Em 21/2/2016
No dia em que completamos 25 anos de casados (2011), eu e minha mulher reunimos a família e amigos para festejar a data. Afinal, tanto tempo de boa convivência com o mesmo par é fato cada vez mais raro, sobretudo, porque junto com o cônjuge costuma vir um enorme complicador: os respectivos dramas familiares e, pior, pode haver cunhados…
No meio da noite, para constrangimento geral, um dos meus cunhados levantou um brinde e pediu um discurso. Com o sorriso amarelo, arrependido de não ter resistido à ideia do raio da festa, tive que falar para os Capuletos, que em poucos minutos já tinham dado conta de mais da metade da minha adega. Sem contar o sobrinho que deixou cair mousse de chocolate no sofá e a sobrinha que não parava de gritar…
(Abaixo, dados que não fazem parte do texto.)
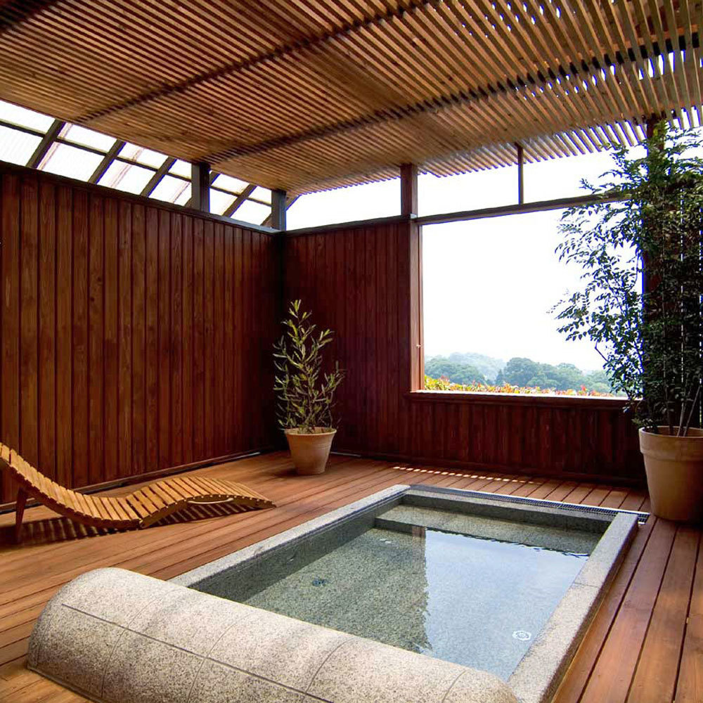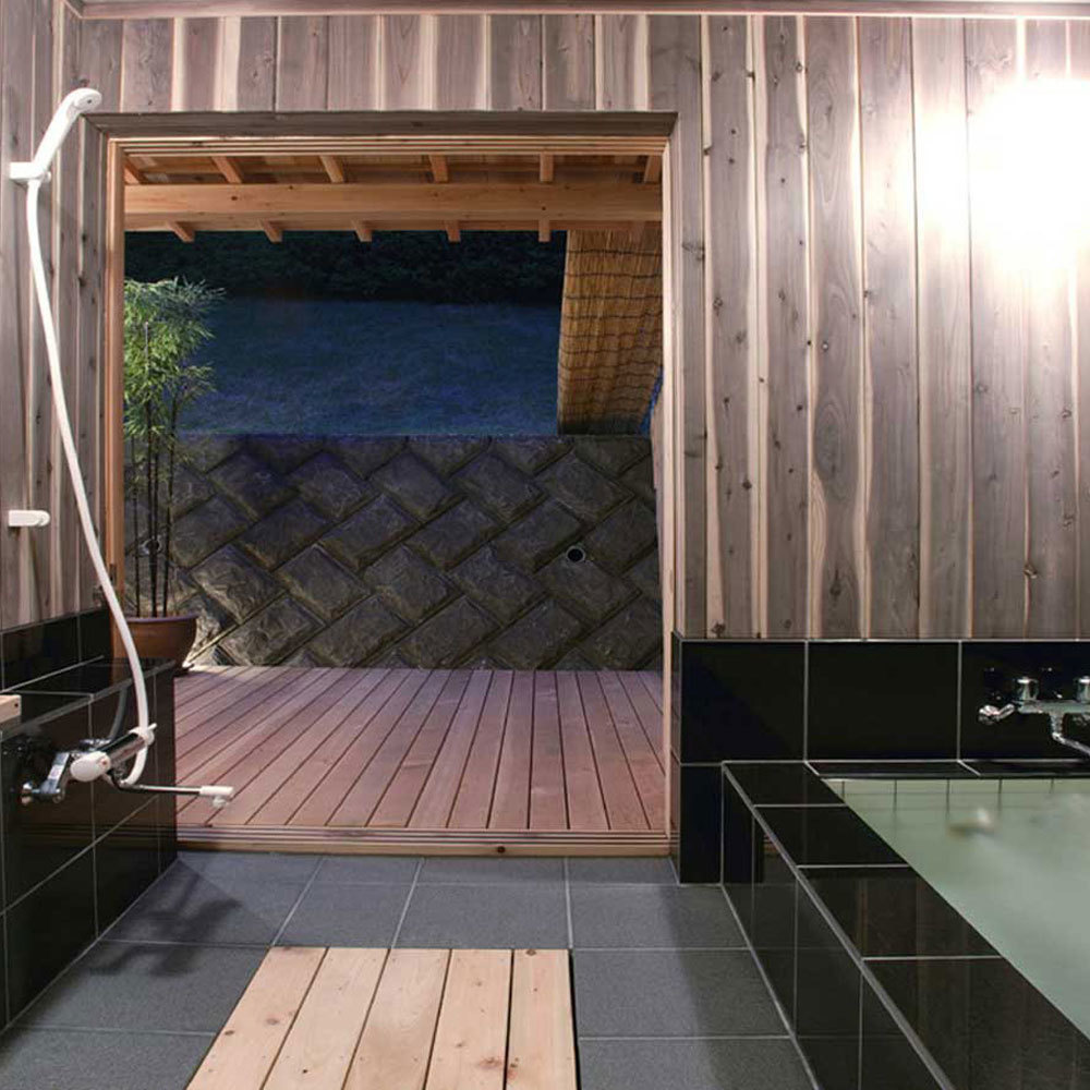 木と石をテーマにしたお風呂に仕上げました。非日常感を演出する、寛ぎのオープンバス。2022 春 湯上がりデッキ&開口扉をリニューアル。
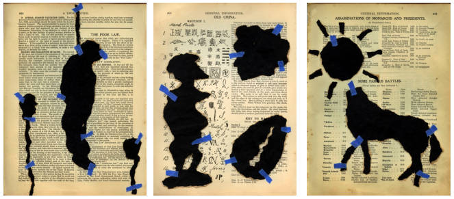 Du tumulte du monde au silence du papier, 2021, acrylique sur craft, scotch de masquage bleu et page d’encyclopédie de 1906 sous l’Empire colonial britannique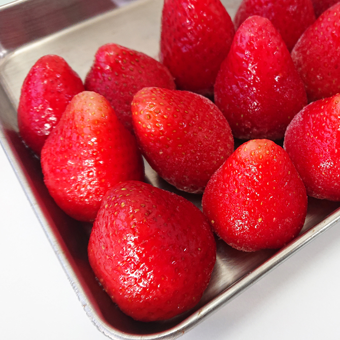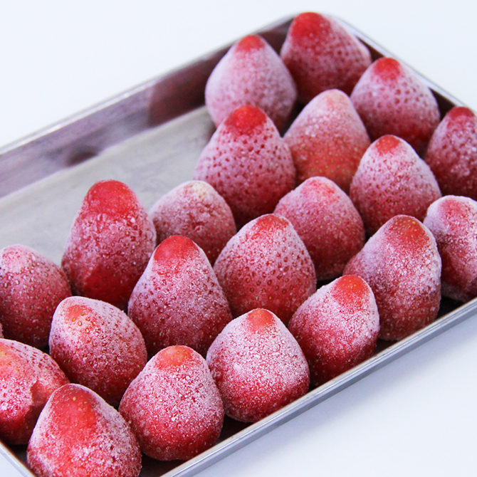 摘みたての新鮮ないちごを急速に凍結。「旬のおいしさ」をかき氷にのせてみては・・・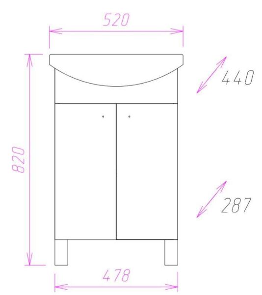 Размеры тумбы без учета раковины и ножек: 48х29х68 см.

Mas o que dizer? Qual seria a característica mais marcante da minha amada Julieta? Depois de tanto tempo juntos não havia segredos entre nós. Pelo menos, assim eu esperava… Imaginava conhecer seus mais profundos desejos… E um deles, sem dúvida, eram os sapatos! Sim, sapatos. Quisera eu que, mais do que gostar de sapatos, minha Julieta gostasse de me fazer cafuné, de me oferecer massagens completas ou, ao menos, gostasse das pequenas tarefas domésticas, como se antecipar a mim para limpar o coco do cachorro que, afinal, só balança o rabo para ela. Mas, definitivamente, o marcante da sua personalidade era a paixão por sapatos!
Com alguma dificuldade na Matemática, desenvolvi um raciocínio sobre o número de pares comprados ao longo do quarto de século juntos e cheguei ao número de 1000, 2000 pés ou 20 centopeias! Emreais, algo em torno de 200 mil, que, capitalizados, dariam muitas viagens! Ora, sem sapatos, teríamos tido a segunda, a terceira, a quarta… a décima quinta lua de mel… Mas quantas tinham sido as liquidações “imperdíveis” que a faziam repetir: “ora, seria burrice não comprar de três cores diferentes, estavam de graça!”…
É lógico que o discurso das Bodas de Prata não fez muito sucesso. Confesso que fui infeliz na escolha do tema para homenagear minha rainha como ela merecia, com sapatos ou descalça. Mas não dá para voltar no tempo e consertar tudo o que se faz de errado…
Neste ano, terei uma nova chance. Faremos 30 anos de casados, felizes, com saúde, com a doce Cecília ao nosso lado e – como nada é perfeito – com mais 200 pares de sapatos a contabilizar. Até imagino nossas Bodas de Ouro… Em 2036, espero festejar 50 anos de felicidade e, se Deus permitir, acordar de manhã e não encontrar Imelda Marcos deitada ao meu lado.
Já sabe que sou sua fã, né, Mauro? É cada crônica mais gostosa que a outra. Espero ansiosamente as próximas. Longa vida ao seu blog!